先週の説教より
「十字架につけろ」 マルコによる福音書15章1-15節(11/14説教)
1節に「夜が明けるとすぐ、祭司長たちは、長老や律法学者たちと共に、つまり最高法院全体で相談した」とあります。サンヒドリン議会は既にイエスを神を冒涜する罪で死刑にすることを決議しましたが(14章64節)、イエスをローマ皇帝に反逆する政治犯として訴え、ローマ総督ピラトに十字架刑を執行してもらうために、再びサンヒドリン議会を開いたのです。ユダヤ人の自治組織であるサンヒドリン議会には十字架刑を執行する権限がなかったからです。罪を重ねるイスラエル指導者たちでありました。
こうして主イエスはローマ総督ピラトのもとで十字架刑に処せられることになったのです。使徒信条に「ポンテオ・ピラトのもとに苦しみを受け、十字架につけられ」とある通りです。

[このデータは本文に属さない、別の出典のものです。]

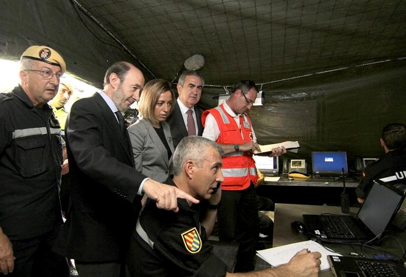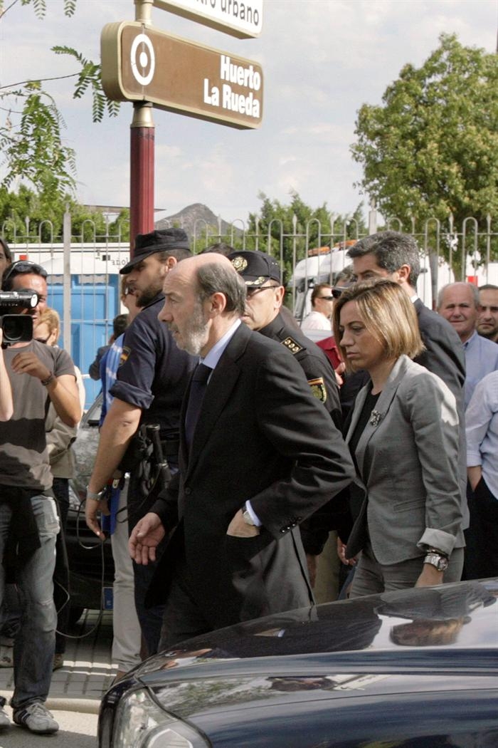 Los ministros del Interior, Alfredo Pérez Rubalcaba, y Defensa, Carme Chacón, durante su visita al Huerto de la Rueda, en Lorca, donde está instalado el mando operativo del terremoto de 5,2 grados en la escala de Richter que afectóa Lorca.

しかしなぜ、使徒信条に「ポンテオ・ピラト」という異邦人の名があえて記されているのでしょうか。それは、一つには主イエスの十字架の出来事がこの世の歴史の現実の中で実際に起こった出来事であることを強調するためです。もう一つは、主イエスの十字架の出来事が異邦人、即ち、主イエスを信じる信仰に直接関わりのない人間も主イエスの十字架の死に関わりがあること、つまり、すべての人間が主イエスを十字架につける罪を持っていることを言わんとするためです。ピラトは祭司長たちがイエスを引き渡したのがねたみのためであることを知っていたし(10節)、イエスには十字架刑に当たる罪がないことを知っていたのですから(13節)、イエスを無罪放免にすることができたのです。それにもかかわらず、群衆を恐れて(15節)主イエスの十字架刑を認めたところに政治家としてのまた人間としてのピラトの罪があったのではないでしょうか。